Clearly a vital sector for voice search remains security. Searching voicemail alone when required is a major undertaking (not even the News of the World in its prime had the right technologies). Beyond this, media and broadcasting is surely a primary market. No one who drowned in the ocean of superlatives surrounding the London Olympics can doubt that heavyweight voice technologies of the sort that Aurix deploys will be as critical as the major investment put together by the BBC, partnering with MarkLogic, to put in the text-image-video handling platform that sat behind the BBC Sport website. And then we put together the fastest growing sector – monitoring and searching voice messages, recorded conversations and realtime calling in direct selling and customer service contexts. The productivity gains are as large as the range of uses is wide – checking compliance and script adherence, learning from common complaints, measuring call centre workloads, analysing trends in customer response etc etc.

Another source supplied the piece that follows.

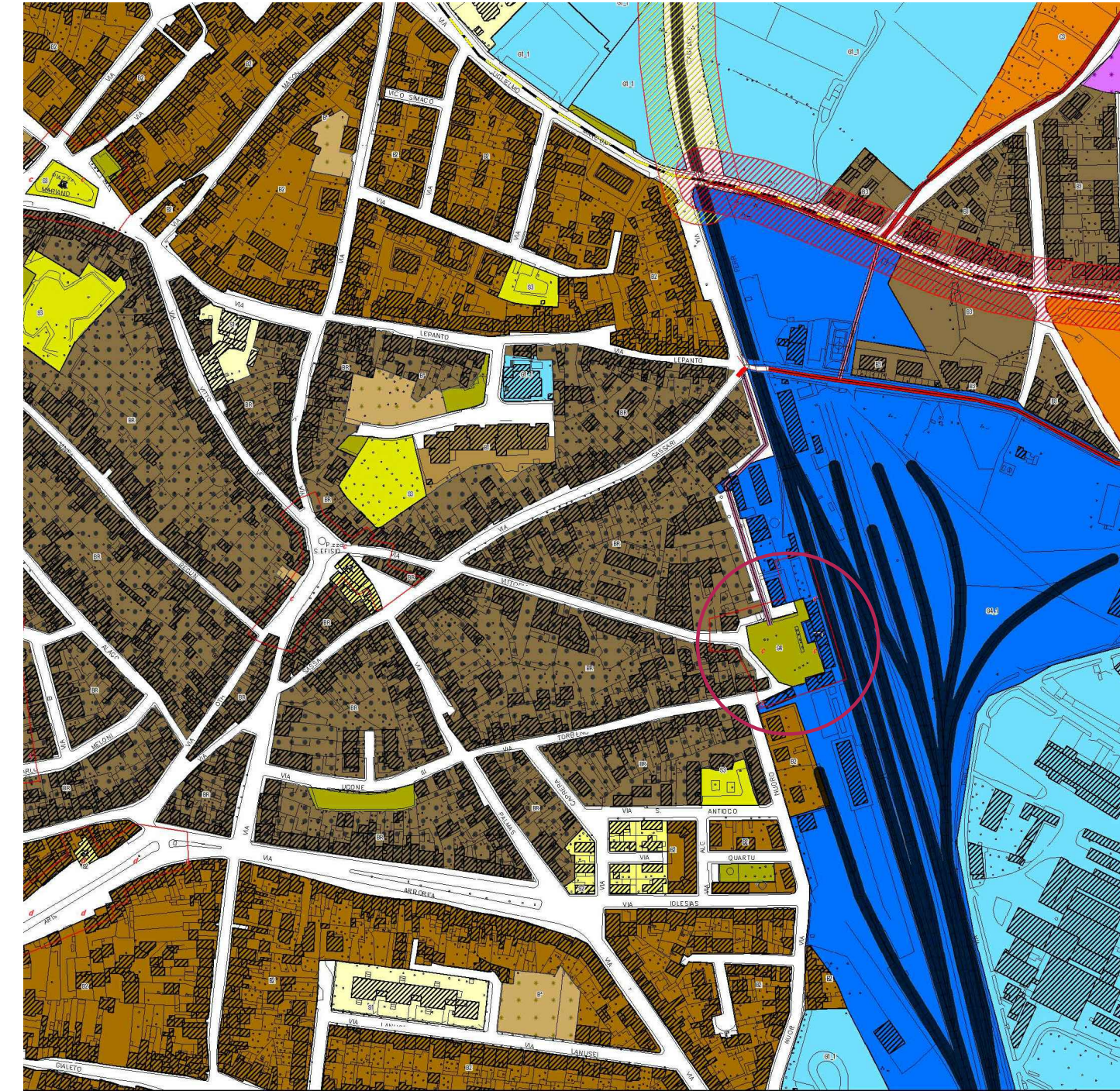
Stralcio - PUC

And there are two marketplaces where voice records, the ability to attach them to text records, and to search both at the same time, has always been important, even when it wasn’t possible. One is the law practice market, and the other is the health market. Here there are solid traditions of voice recording, but real productivity gains to be made (for example, in legal eDiscovery) by using effective voice search. BigHand are market leaders in legal dictation and have the exciting prospect before them of what seemed a limited market a few years ago now opening out in an interesting way to embrace technology change which will then move into education (voice reports?), surveying, engineering and then some of the science research disciplines. As a law database publisher in 1982, I now have the delightful prospect of seeing another wave come ashore in the same market with very similar productivity, and compliance, advantages.
So here then is a brief sketch of a demand-led digital voice revolution. In 2020 we will ask our screen for research results, and define if we want them by ear or by eye – bearing in mind that some of the results will be transcripted voice turned into text, and others will be text turned into speech. Around then we shall find the missing speech in this news story – and admire again the wonderful sentiments of the speaker.